Me hizo sentir rígido y censurador.
– No deberías… -comencé.
– Oh, ¡no digas eso! ¡Voy a casarme!
Me quedé sin aliento. Cuando me senté junto a ella apoyó la cabeza sobre mi hombro.
– Es un amigo de Papá. Es simpático. Él es…
– ¿Cómo se llama?
– Marshall Sloat. Es banquero.
No reconocí el nombre.
– ¡Va a ser muy pronto! -Me rodeó con los brazos-. ¡Es un matrimonio fabuloso! ¡Por favor, bésame, Tom!
La besé. Los besos se prolongaron.
– La boda será en Trinity, y la recepción en el Palacio. ¡Todo el mundo estará allí! -Amelia respiraba hondamente-. El gobernador Stanford estará allí. El señor Crocker estará allí, y el señor Fair. El senador Jennings estará allí.

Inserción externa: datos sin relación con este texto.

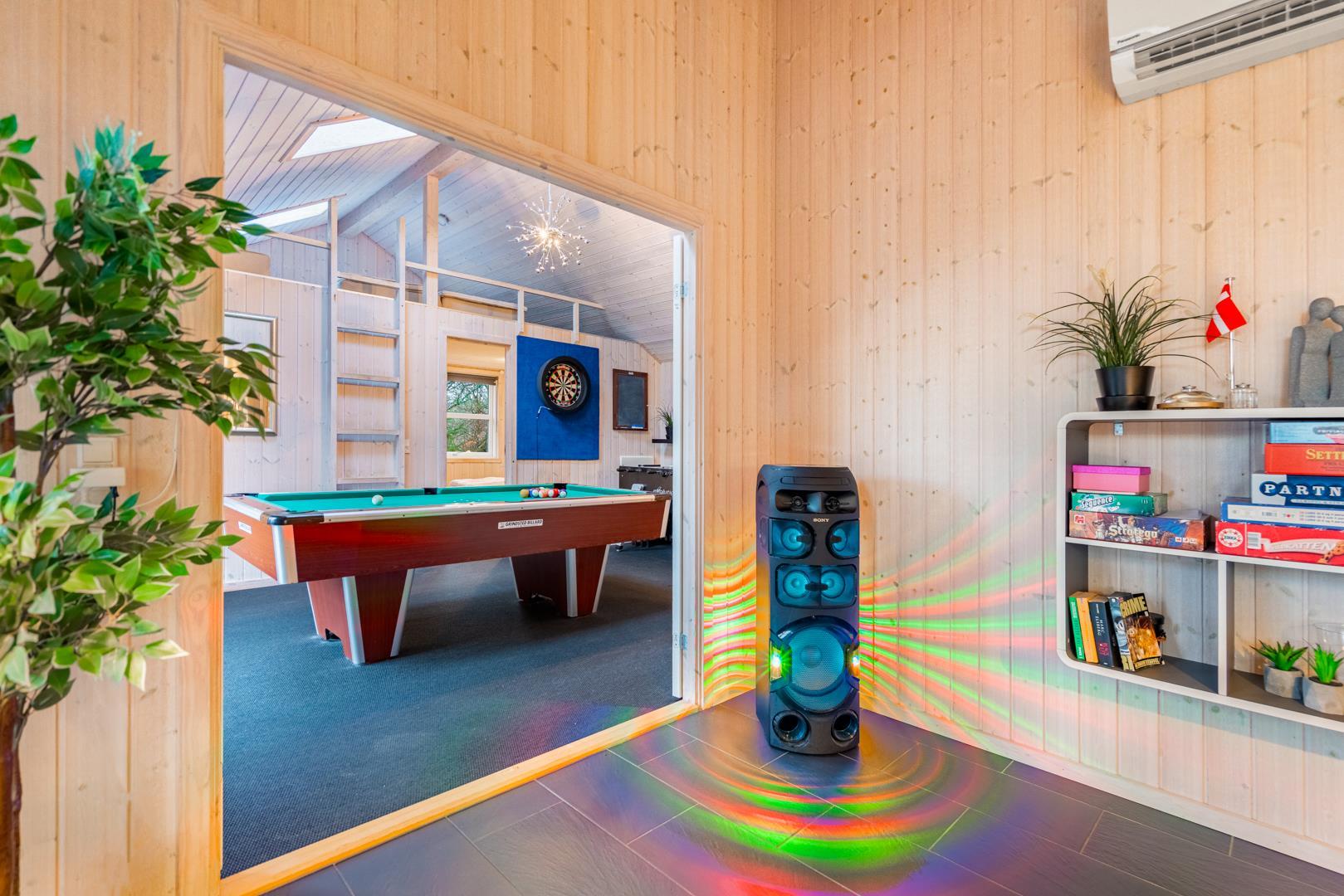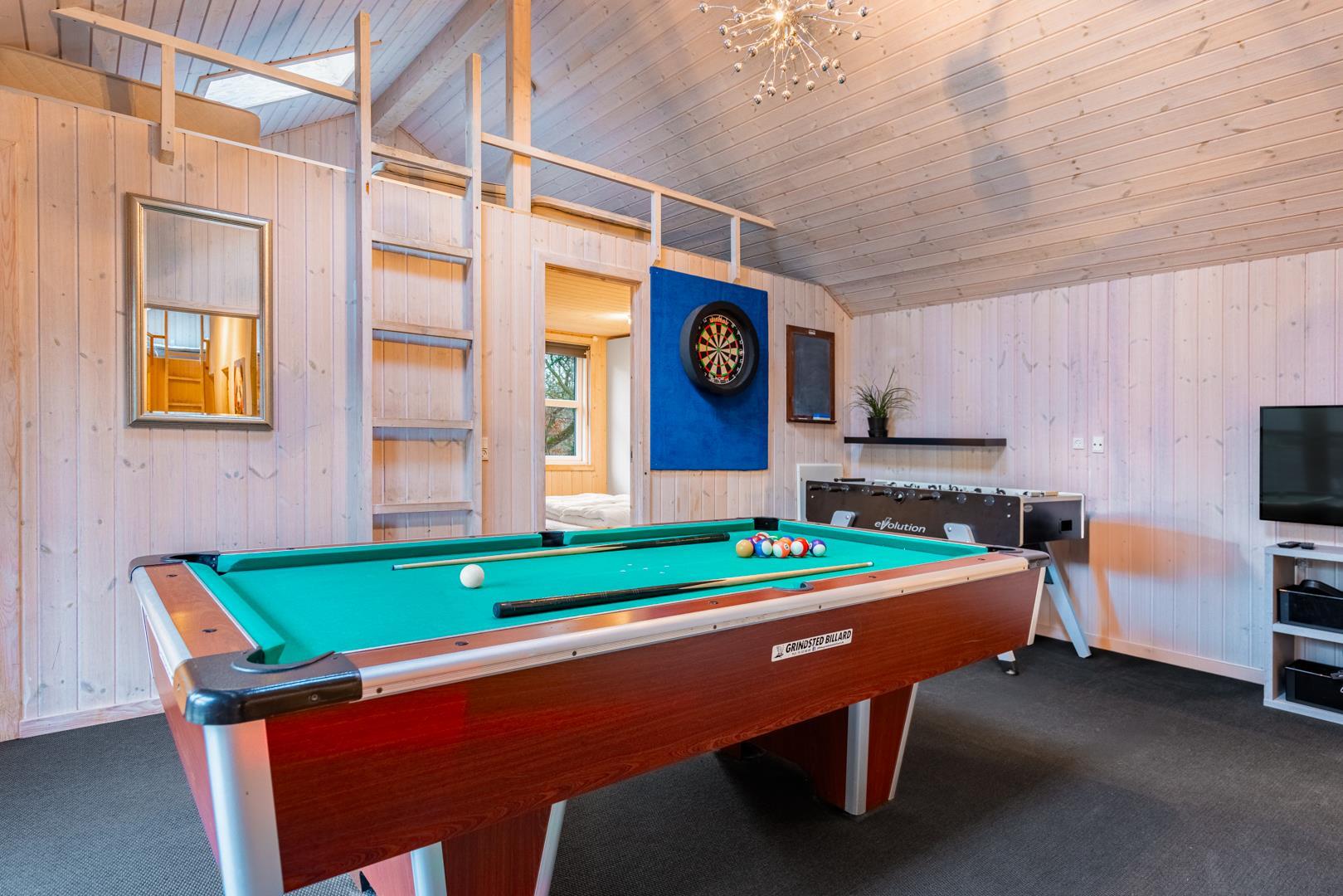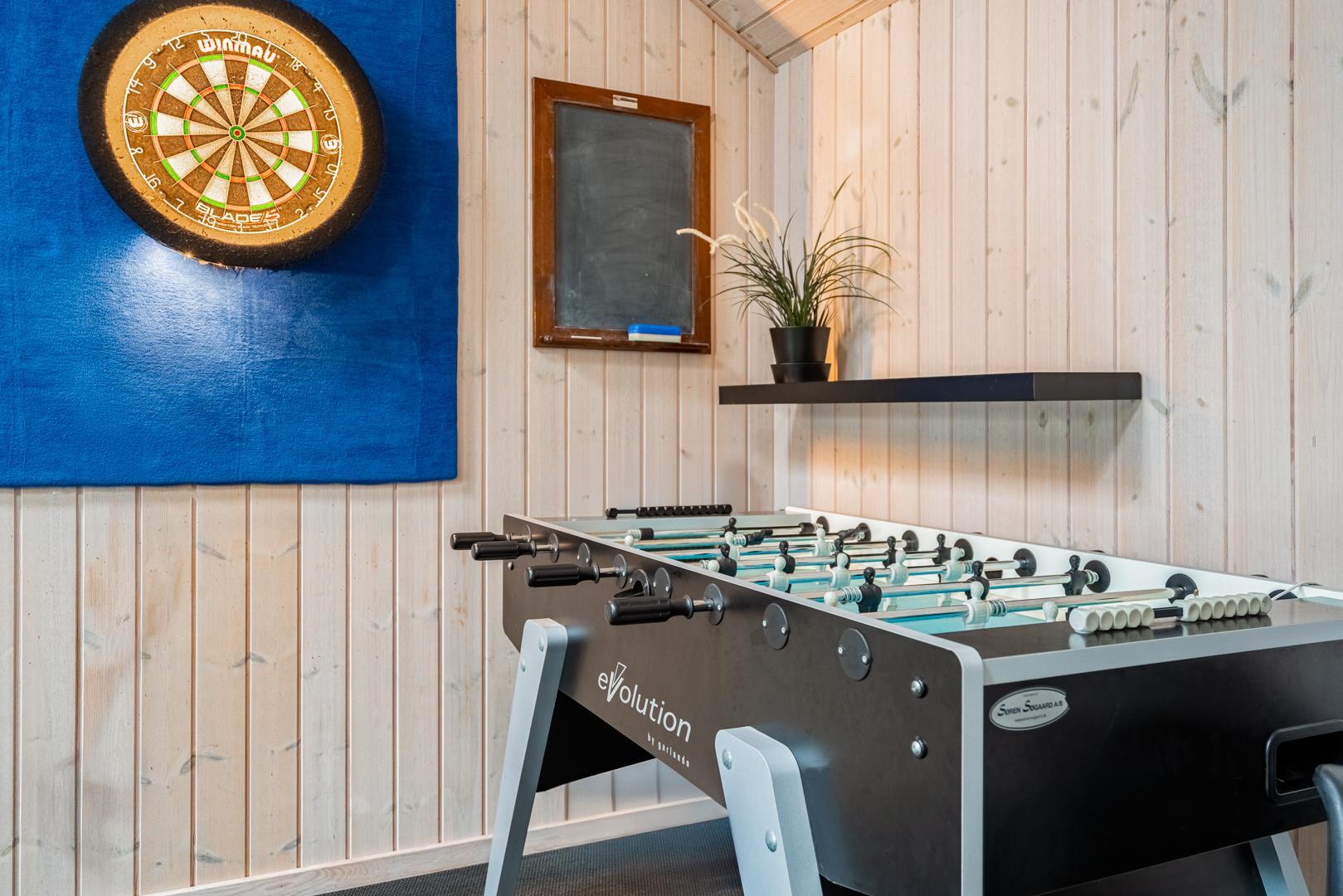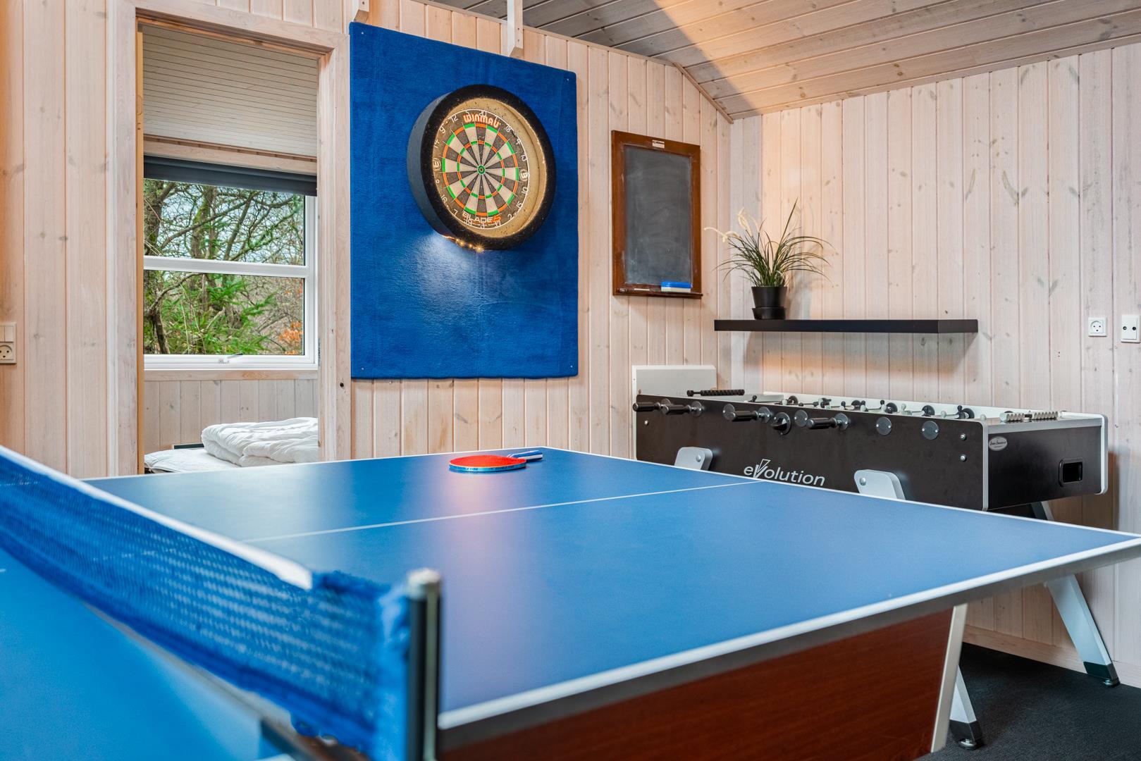 AKTIVITETSHUS med bordfodbold, bordtennis, billard, dart og tv-med PlayStation 3 i separat rum. I forbindelse med denne afdeling findes 2 værelser med dobbeltseng og derover en hems med plads til 3 personer på madrasser. Desuden findes 2 værelser med henholdsvis et køjerum og et værelse med dobbeltseng.

Le dije que no pensaba que el senador Jennings fuera a estar allí, pero no me prestó atención. De alguna forma, se había quitado la blusa, y su combinación resbaló hasta su cintura. Besé sus pechos desnudos. Ella levantó los brazos por encima de la cabeza, balanceándolos allá arriba como cuellos de cisnes mientras gemía, cerraba los ojos y giraba el rostro a un lado y otro. Besé sus pechos y sentí cómo el fino vello perfumado de sus axilas me hacía cosquillas en la mejilla. Besé su barriga. Cuando intenté ir más allá ella susurró: «¡No, no, no, no, no, no!» en escala ascendente. Así que besé sus pechos mientras ella gemía y sollozaba y balanceaba los brazos por encima de nuestras cabezas, aún hablando:
– Quizás el general Sherman esté allí -jadeó-. Y los Mackay, y los Mills y el señor y la señora Reid, y la señorita Newlands, y los Blair y los Martin y los Toland. Los Thomson y los Blake y los Walker y la señorita Osgood y el señor Faber.